Search code examples
pythonbeautifulsouppython-requestsscreen-scrapingcpu-word

code for counting word frequency in website using Python doesn't output the right frequency


I'd like to count the frequency of a list of words in a specific website. The code however doesn't return the exact number of words that a manual "control F" command would. What am I doing wrong?

Here's my code:

import pandas as pd
from bs4 import BeautifulSoup
import requests
from selenium import webdriver
import re

url='https://www.gov.uk/government/publications/specialist-quality-mark-tender-2016'
fr=[] 
wanted = ['tender','2020','date']    
for word in wanted:
    a=requests.get(url).text.count(word)
    dic={'phrase':word,
          'frequency':a,              
            }          
    fr.append(dic)  
    print('Frequency of',word, 'is:',a)
data=pd.DataFrame(fr)    

Solution

  • Refer to the comments in your question to see why using requests might be a bad idea to count the frequency of a word in the "visible spectrum" of a webpage (what you actually see in the browser).

    If you want to go about this with selenium, you could try:

    from selenium import webdriver
    
    url = 'https://www.gov.uk/government/publications/specialist-quality-mark-tender-2016'
    
    driver = webdriver.Chrome(chromedriver_location)
    driver.get(url)
    body = driver.find_element_by_tag_name('body')
    
    fr = [] 
    wanted = ['tender', '2020', 'date']    
    for word in wanted:
        freq = body.text.lower().count(word) # .lower() to account for count's case sensitive behaviour
        dic = {'phrase': word, 'frequency': freq}          
        fr.append(dic)  
        print('Frequency of', word, 'is:', freq)
    

    which gave me the same results that a CTRL + F does.

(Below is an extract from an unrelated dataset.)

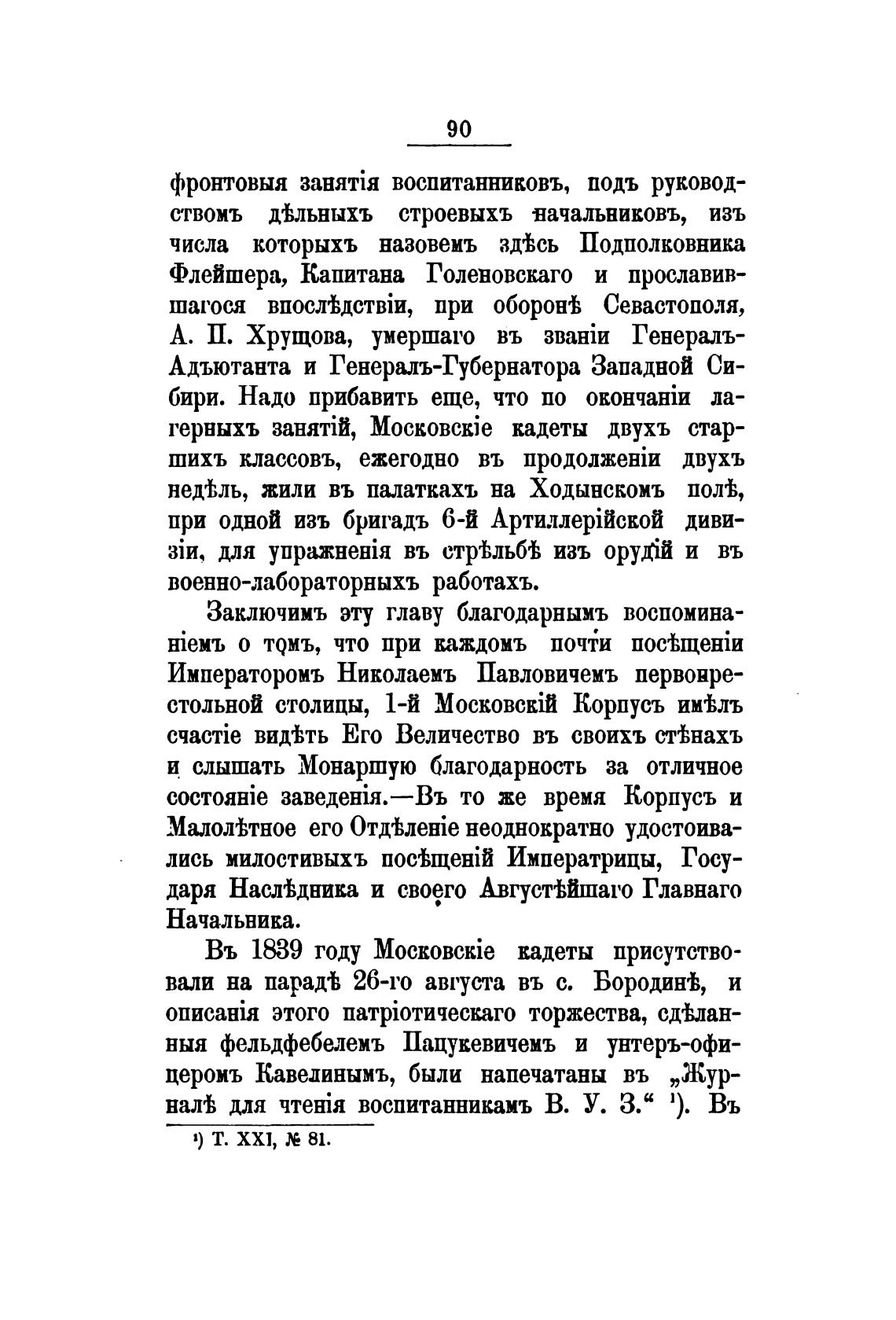 Въ 1839 году Mock0Bckie кадеты присутство-

    You can test BeautifulSoup too (which you're importing by the way) by modifying your code a little bit:

    import requests
    from bs4 import BeautifulSoup
    
    url = 'https://www.gov.uk/government/publications/specialist-quality-mark-tender-2016'
    fr = [] 
    wanted = ['tender','2020','date']    
    a = requests.get(url).text
    soup = BeautifulSoup(a, 'html.parser')
    for word in wanted:
        freq = soup.get_text().lower().count(word)
        dic = {'phrase': word, 'frequency': freq}          
        fr.append(dic)  
        print('Frequency of', word, 'is:', freq)
    

    That gave me the same results, except for the word tender, which according to BeautifulSoup appears 12 times, and not 11. Test them out for yourself and see what suits you.